Dataset excerpt |
----------------

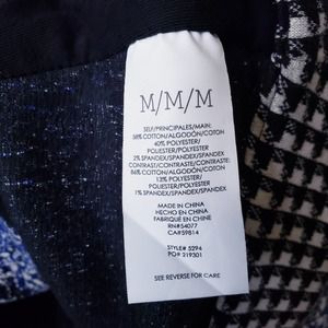 “Jackie-O” style blazer with mixed pattern tweed like fabric. The houndstooth trim gives the blazer a Mod throw back. 3 buttons down front with optional tie around neckline. 3/4 length sleeves. Side pockets. Blue, black and white.
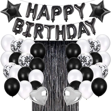 - PRODUCT DESCRIPTION: Package includes: 2 Pcs. Black Foil Curtain, Happy Birthday Foil Balloon 16", 2 Black Star Foil Balloons 18", 2 Pcs. Silver Heart Foil Balloons 18", 6 Pcs. Black Confetti Balloons 12" and 24 Pcs. White & Black Latex balloons 12". The size of the balloons is 12, 16 and 18 inches each. Simply inflate your balloons and slip the knot into the holes on the decorating strip, recommend various colors and blow up different sizes to get a amazing look to your garland This balloons garland you can use any occasion like parties, anniversary, birthday, retirement and more on. DISCLAIMER: Balloons will be delivered deflated and flat or without air.
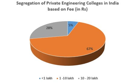 Based on the below pie chart, it can be estimated that pursuing Private Engineering Courses in India from top-rated colleges is expensive. Around 67% of top Engineering colleges in India have a course/annual fee that ranges from Rs 1-10 lakh. Some of these colleges are:

----------------

Work task | Retype the data above exactly; pictures are not part of the copy.

Problem solution |
 “Jackie-O” style blazer with mixed pattern tweed like fabric. The houndstooth trim gives the blazer a Mod throw back. 3 buttons down front with optional tie around neckline. 3/4 length sleeves. Side pockets. Blue, black and white.
 - PRODUCT DESCRIPTION: Package includes: 2 Pcs. Black Foil Curtain, Happy Birthday Foil Balloon 16", 2 Black Star Foil Balloons 18", 2 Pcs. Silver Heart Foil Balloons 18", 6 Pcs. Black Confetti Balloons 12" and 24 Pcs. White & Black Latex balloons 12". The size of the balloons is 12, 16 and 18 inches each. Simply inflate your balloons and slip the knot into the holes on the decorating strip, recommend various colors and blow up different sizes to get a amazing look to your garland This balloons garland you can use any occasion like parties, anniversary, birthday, retirement and more on. DISCLAIMER: Balloons will be delivered deflated and flat or without air.
 Based on the below pie chart, it can be estimated that pursuing Private Engineering Courses in India from top-rated colleges is expensive. Around 67% of top Engineering colleges in India have a course/annual fee that ranges from Rs 1-10 lakh. Some of these colleges are:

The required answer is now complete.